Und da sich kaum jemand mit dem Kleingedruckten befasst (und das ist die traurige Welt, in der wir leben, aber so ist es im Großen und Ganzen in allen Schichten und Altersgruppen), wird Junts den katalanischen Wählern, die nach dem Sturm Ruhe und Ergebnisse im Sinne von Fortschritten in ihrem täglichen Leben verlangen, heute nicht als die große Antwort auf ihre Übel dargestellt, sondern eher als Synonym für Lärm, Aufruhr und, für die Empfindlichsten, als lästiger „Haarwurm“. Für sie ist Junts in diesem Sinne nicht CiU.
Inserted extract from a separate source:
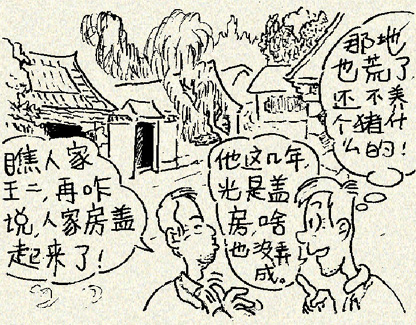 过了一两年,王二的房子盖好了,可日子却没见起色。村里人嘀咕:4个男劳力这几年工夫全花在房子上了,整个被房子绑架了。多花点工夫种地才是正理。

Für die stärkste Wählergruppe unter den Unabhängigkeitsbefürwortern ist Junts hingegen nicht die Partei, die als Listenwahl gegründet wurde und mit dem Slogan „Puigdemont, unser Präsident“ die Fackel der Legitimität der durch Artikel 155 aufgehobenen Institutionen hochhält. Denn nachdem Junts einige Jahre lang mit der ERC darum konkurrierte, wer mehr für die Unabhängigkeit sei, und dabei in den Augen vieler Junqueras‘ Partei effektiv besiegte, konkurriert er nun im Grunde mit der ERC darum, wer der PSOE die meisten Zugeständnisse abringen kann.
Daher ist die gestern angekündigte Verlängerung als Reaktion auf eine sehr zeitnahe Anfrage des internationalen Vermittlers nicht nur für Sánchez, sondern auch für Junts notwendig. Doch diese Verlängerung kann nicht ewig dauern, noch kann sie die nächste in einer Reihe von Verlängerungen sein, noch kann sie mit diffusen oder halbherzigen Fortschritten enden. Denn wenn irgendetwas davon passiert, wird Junts nicht nur zwei Enttäuschungen für Sánchez verkünden (die, die er erlebte, als er das Omnibusgesetz kippte, und die, die er gestern für den Präsidenten vorhersagte, wenn nicht bald wichtige Dinge passieren), sondern nun auch noch die für Puigdemont an der Wahlurne haben. Und dies könnte in den Augen aller in Großbuchstaben stehen.